The kernel density plots also provided us with information about the direction of the difference: movies in 2016 were rated slightly lower than those in 2015.
we now need to analyze more granular information.
rating2015 = bdata_2015['Fandango_Stars'].value_counts(normalize=True)*100
rating2016 = adata_2016['fandango'].value_counts(normalize=True)*100
comparison = pd.concat([rating2015, rating2016], axis=1)

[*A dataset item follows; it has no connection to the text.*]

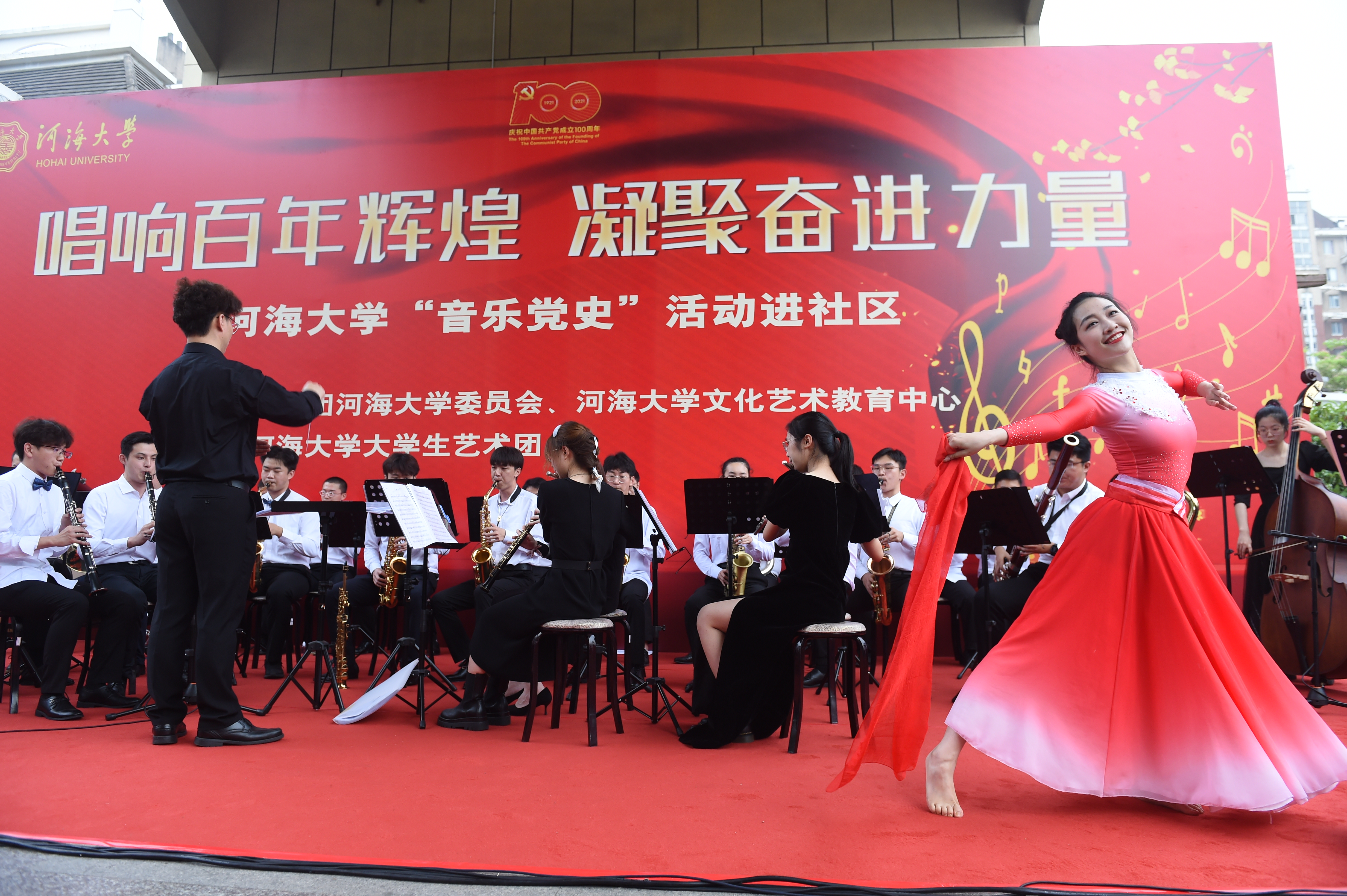 在庆祝中国共产党成立100周年之际,河海大学积极响应教育部开展“音乐党史”系列活动的号召,将音乐艺术与党史学习教育有机融合,打造行走的音乐党史舞台。通过“音乐党史”教育进学校、进社区、进群众,深入开展“我为群众办实事”,打通文化惠民的“最后一公里”,为社区居民带来一场听觉盛宴,让人民群众在党史学习和音乐美的体验中引发“永远跟党走”的心灵共鸣、思想共振,用艺术的感染力和影响力凝聚奋进新征程的磅礴力量,推动党史学习教育进一步入脑入心、走深走实。

comparison.rename(columns = {'Fandango_Stars': 'Ratings in 2015',
'fandango': 'Ratings in 2016'},
inplace=True)
comparison['Difference'] = comparison['Ratings in 2016'] - comparison['Ratings in 2015']
comparison
Ratings in 2015 | Ratings in 2016 | Difference | |
---|---|---|---|
2.5 | NaN | 3.141361 | NaN |
3.0 | 8.527132 | 7.329843 | -1.197289 |
3.5 | 17.829457 | 24.083770 | 6.254312 |
4.0 | 28.682171 | 40.314136 | 11.631966 |
4.5 | 37.984496 | 24.607330 | -13.377166 |
5.0 | 6.976744 | 0.523560 | -6.453184 |
Observations:
We confirmed with the table before that there is indeed a clear difference between the two distributions. Let's take a couple of summary metrics to get a more precise picture about the direction of the change. In what follows, we'll compute the mean, the median, and the mode for both distributions and then use a bar graph to plot the values.

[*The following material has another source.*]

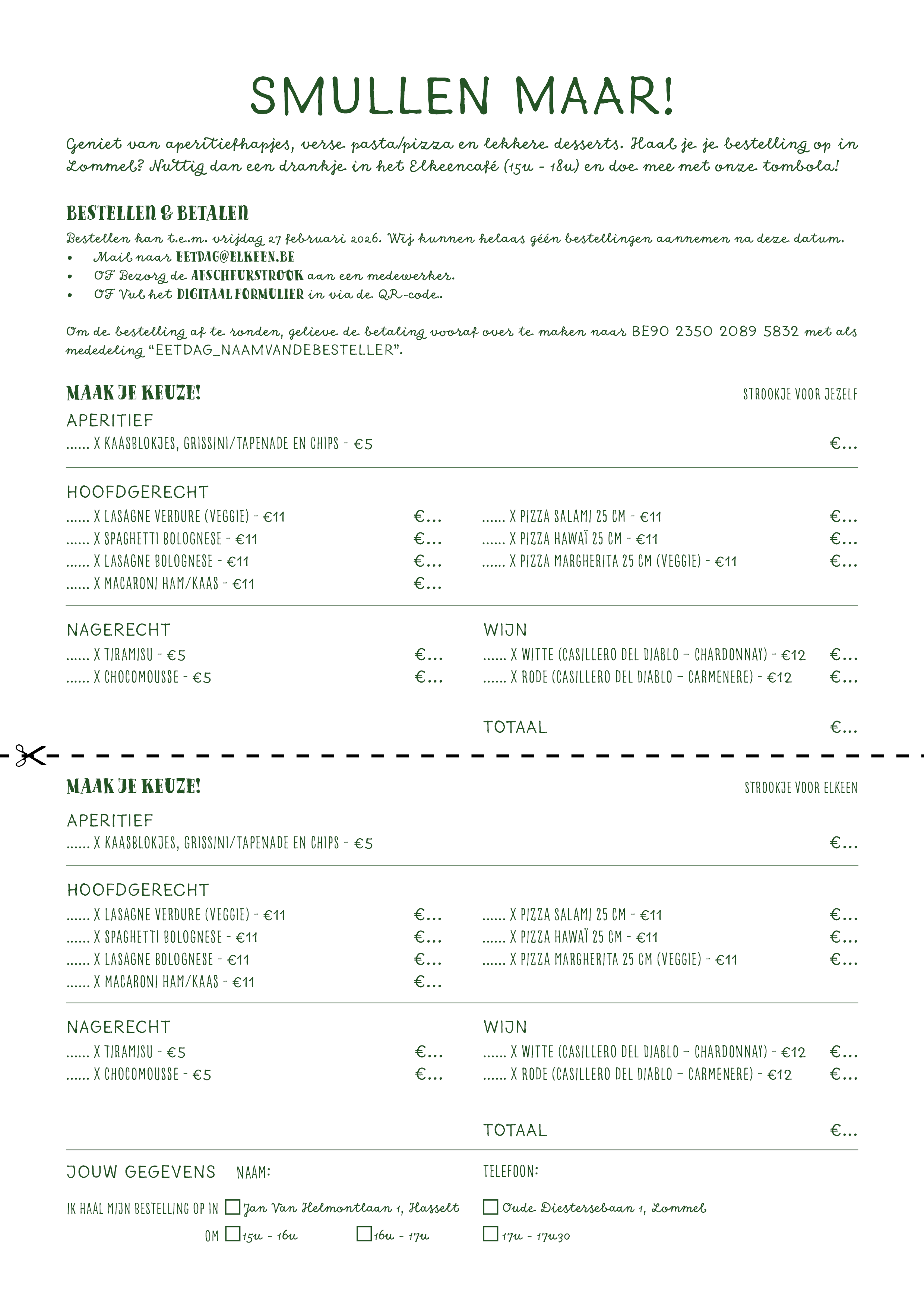 Wie zijn bestelling afhaalt in Lommel, kan van 15u tot 18u terecht in het Elkeencafé voor een gezellig drankje en een kans om deel te nemen aan een leuke tombola. Bestellingen kunnen volledig op maat worden gedaan en moeten uiterlijk 27 februari via het Google Formulier worden doorgegeven.

mean_2015 = bdata['Fandango_Stars'].mean()
mean_2016 = adata['fandango'].mean()
median_2015 = bdata['Fandango_Stars'].median()
median_2016 = adata['fandango'].median()
mode_2015 = bdata['Fandango_Stars'].mode()[0] # the output of Series.mode() is a bit uncommon
mode_2016 = adata['fandango'].mode()[0]
summary = pd.DataFrame()
summary['2015'] = [mean_2015, median_2015, mode_2015]
summary['2016'] = [mean_2016, median_2016, mode_2016]
summary.index = ['mean', 'median', 'mode']
summary
2015 | 2016 | |
---|---|---|
mean | 4.089041 | 3.89486 |
median | 4.000000 | 4.00000 |
mode | 4.500000 | 4.00000 |
plt.style.use('fivethirtyeight')
summary['2015'].plot.bar(color = '#0066FF', align = 'center', label = '2015', width = .25)
summary['2016'].plot.bar(color = '#CC0000', align = 'edge', label = '2016', width = .25,
rot = 0, figsize = (8,5))
plt.title('Comparison of Statistical Summary for Fandango\'s ratings (2015 vs 2016)', y = 1.07)
plt.ylim(0,5.5)
plt.yticks(np.arange(0,5.1,.5))
plt.ylabel('Stars - Fandango\'s Ratings')
plt.legend(framealpha = 0, loc = 'upper center')
plt.show()
Observations
It can be seen that Fandango's rating system has been improved to some extent. The difference is not very clear but there is an indication of Hickey's article impact over the Fandango's Movie Ratings System
Based on comparing the ratings that movies recieved in 2015 and 2016 and using this comparison as a proxy to investigate the impact of Hickey's Analysis impact over Fandango, here are our insights
Fandango ratings systems did see a change after the Hickey's Article. But we are still unsure of what exactly caused that change.